Project Abstract
Background & Significance: Approximately 20% of US households do not speak English at home based on
the most recent census data. These persons may have limited English proficiency at a level that affects their
ability to communicate during a healthcare encounter. Across the lifespan, research has demonstrated that when
hospitalized, compared to English speakers people with limited English proficiency have worse and inequitable
outcomes. These include higher rates of adverse events, higher rates of harm from adverse events, increased
risk for hospital readmission from any point after discharge, delays getting surgery, and longer lengths of stay.
Because all of these outcomes are sensitive to hospital nursing practices, hospital-based nurses have the
potential to improve these outcomes. Previous research by the study’s team, however, has demonstrated that
research has not examined how to optimize hospital nurses’ work with persons with limited English proficiency.

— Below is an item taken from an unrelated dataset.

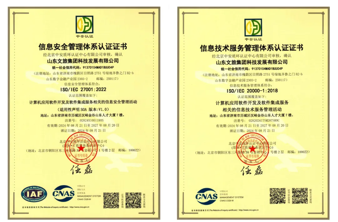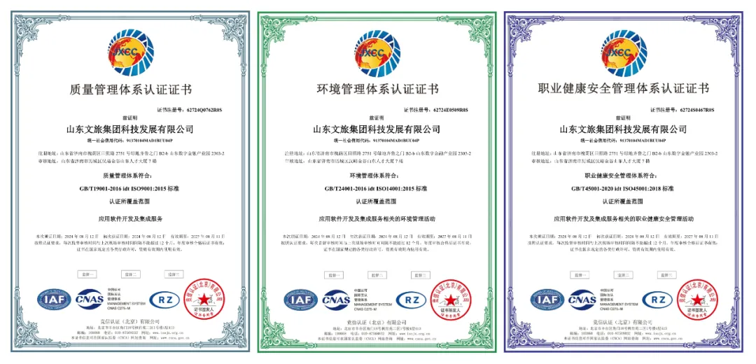 近期,為推進業務規范化管理,提升公司市場拓展能力,文旅科技公司通過了由國際標準化組織(ISO)制定的五項管理體系認證。其中包括,作為企業管理現代化重要標志的ISO9001質量管理體系、ISO14001環境管理體系、ISO45001職業健康安全管理體系等三項體系,以及信息軟件開發行業必備的ISO20000信息技術服務管理體系認證、ISO27001信息安全管理體系認證等兩項體系。
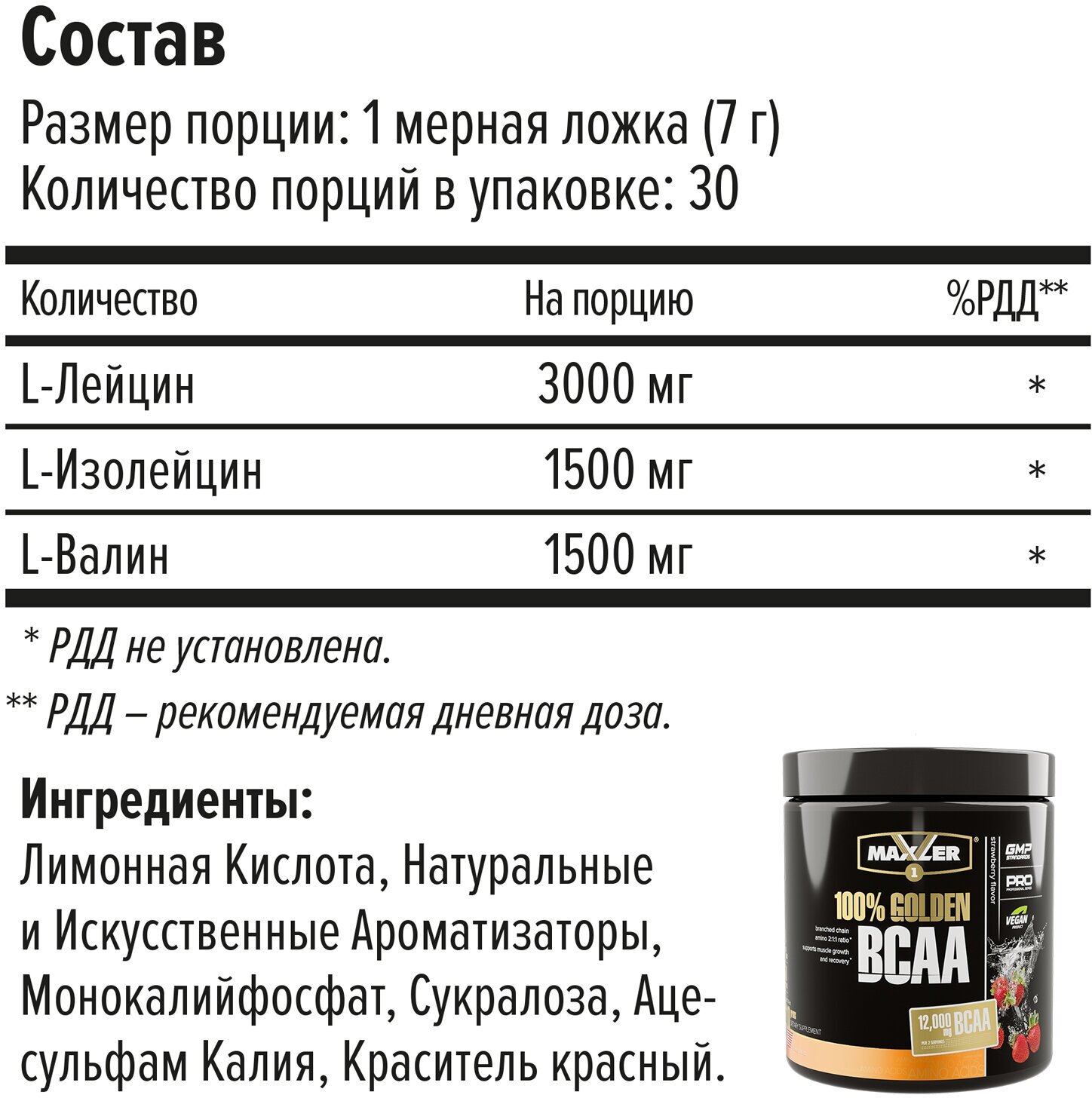 Аминокислоты Maxler 100% Golden BCAA Клубника, 210г, БЦАА в соотношении 2:1:1, В форме порошка, 30 порций

Purpose: This formative multiple methods research study will generate detailed data about hospital nurses’
practices accessing language access services and help enhance our understanding of where practice associated
inequities may occur. Setting: The proposed study will take place in the New York University Langone Health
System—a four hospital urban-suburban system serving a linguistically diverse population. Methods: A narrative
qualitative analysis will explore how hospital-based nurses describe their approaches to surveillance with LEP
patients. Using purposive and stratified sampling approaches, we will recruit nurses who practice in diverse
settings (e.g. ICU, medical-surgical, obstetrics, emergency department, pediatrics, psychiatry, and perioperative)
to participate in semi-structured interviews for a total sample of n=94 (range of 22-32 participants/hospital).
Simultaneously, using standardized approaches we will develop, pilot test, and psychometrically evaluate an
instrument designed to measure nurses’ practices accessing and implementing language services in hospital
settings. The goal of the instrument is to assess nurses’ clinical practices with limited English proficiency persons
to identify opportunities for practice improvement interventions that can improve their outcomes. Implications:
Overall, the study will produce the foundational data needed for the next phase of the work: 1) Development of
an organizational intervention to improve nursing practice with LEP patients and 2) the ability to link self-reported
practices to patient electronic health record data to study the practice-outcome link. The study addresses the
research priorities of the National Institute for Nursing Research in the areas of health equity, the social
determinants of health, and systems and models of care.